Task data –
===============
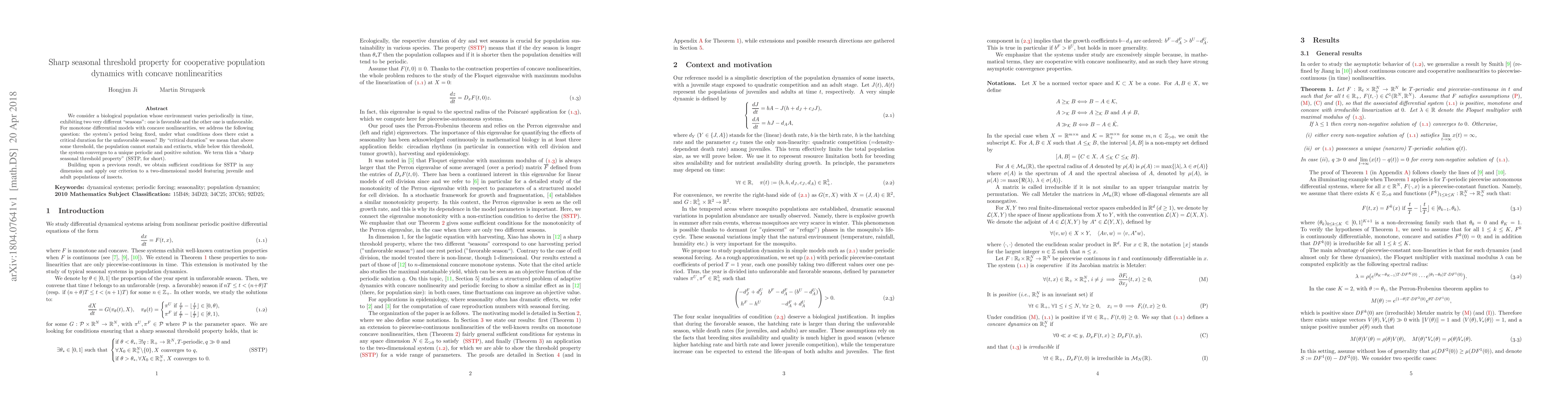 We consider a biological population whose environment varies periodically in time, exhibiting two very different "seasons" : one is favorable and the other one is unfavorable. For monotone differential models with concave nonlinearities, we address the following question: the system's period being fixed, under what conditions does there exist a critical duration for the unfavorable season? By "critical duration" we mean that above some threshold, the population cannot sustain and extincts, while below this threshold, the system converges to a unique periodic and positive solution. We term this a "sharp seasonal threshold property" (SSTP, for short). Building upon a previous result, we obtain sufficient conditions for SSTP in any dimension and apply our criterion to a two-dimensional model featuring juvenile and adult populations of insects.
===============
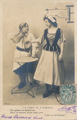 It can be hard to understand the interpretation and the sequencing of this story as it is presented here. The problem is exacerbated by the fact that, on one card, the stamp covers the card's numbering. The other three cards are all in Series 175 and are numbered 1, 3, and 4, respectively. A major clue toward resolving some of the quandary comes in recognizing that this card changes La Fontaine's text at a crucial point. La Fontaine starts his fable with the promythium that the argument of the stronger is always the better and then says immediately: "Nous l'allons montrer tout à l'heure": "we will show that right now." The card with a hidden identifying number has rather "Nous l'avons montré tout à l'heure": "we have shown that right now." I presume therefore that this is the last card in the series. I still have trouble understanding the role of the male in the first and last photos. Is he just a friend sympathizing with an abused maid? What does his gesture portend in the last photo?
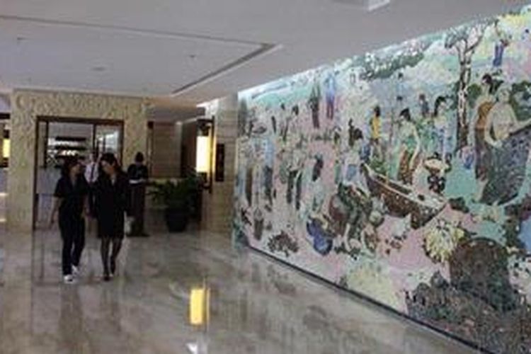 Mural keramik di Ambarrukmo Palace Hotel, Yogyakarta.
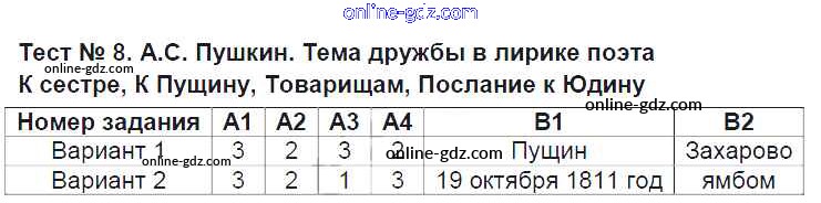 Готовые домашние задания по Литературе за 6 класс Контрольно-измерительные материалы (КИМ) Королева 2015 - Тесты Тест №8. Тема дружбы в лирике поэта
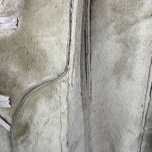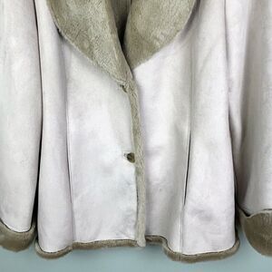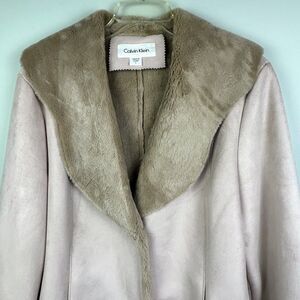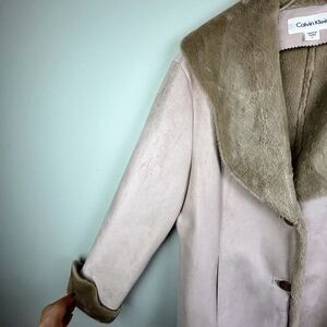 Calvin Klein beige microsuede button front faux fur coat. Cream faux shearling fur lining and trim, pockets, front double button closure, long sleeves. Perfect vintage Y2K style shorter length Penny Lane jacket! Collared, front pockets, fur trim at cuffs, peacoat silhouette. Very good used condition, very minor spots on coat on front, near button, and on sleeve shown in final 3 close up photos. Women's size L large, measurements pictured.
===============
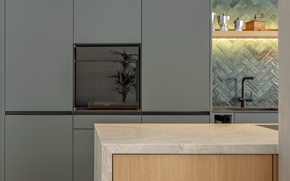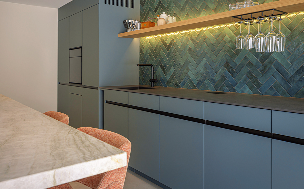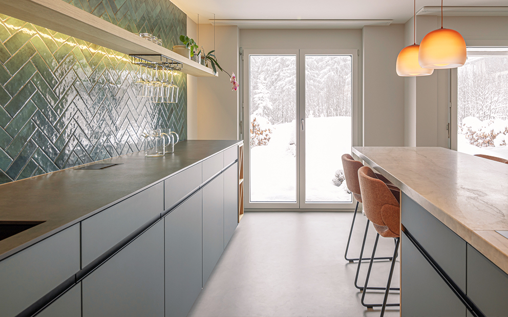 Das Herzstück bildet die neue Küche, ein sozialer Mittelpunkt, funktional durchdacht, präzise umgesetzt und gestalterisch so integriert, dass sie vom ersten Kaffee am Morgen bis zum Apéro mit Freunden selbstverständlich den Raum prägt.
===============
Your goal – Word for word, write out the lines above running from the one with "Готовые домашние задания" up to and including the one with "Calvin Klein beige". Drop any picture.

Answer section –
 Готовые домашние задания по Литературе за 6 класс Контрольно-измерительные материалы (КИМ) Королева 2015 - Тесты Тест №8. Тема дружбы в лирике поэта
 Calvin Klein beige microsuede button front faux fur coat. Cream faux shearling fur lining and trim, pockets, front double button closure, long sleeves. Perfect vintage Y2K style shorter length Penny Lane jacket! Collared, front pockets, fur trim at cuffs, peacoat silhouette. Very good used condition, very minor spots on coat on front, near button, and on sleeve shown in final 3 close up photos. Women's size L large, measurements pictured.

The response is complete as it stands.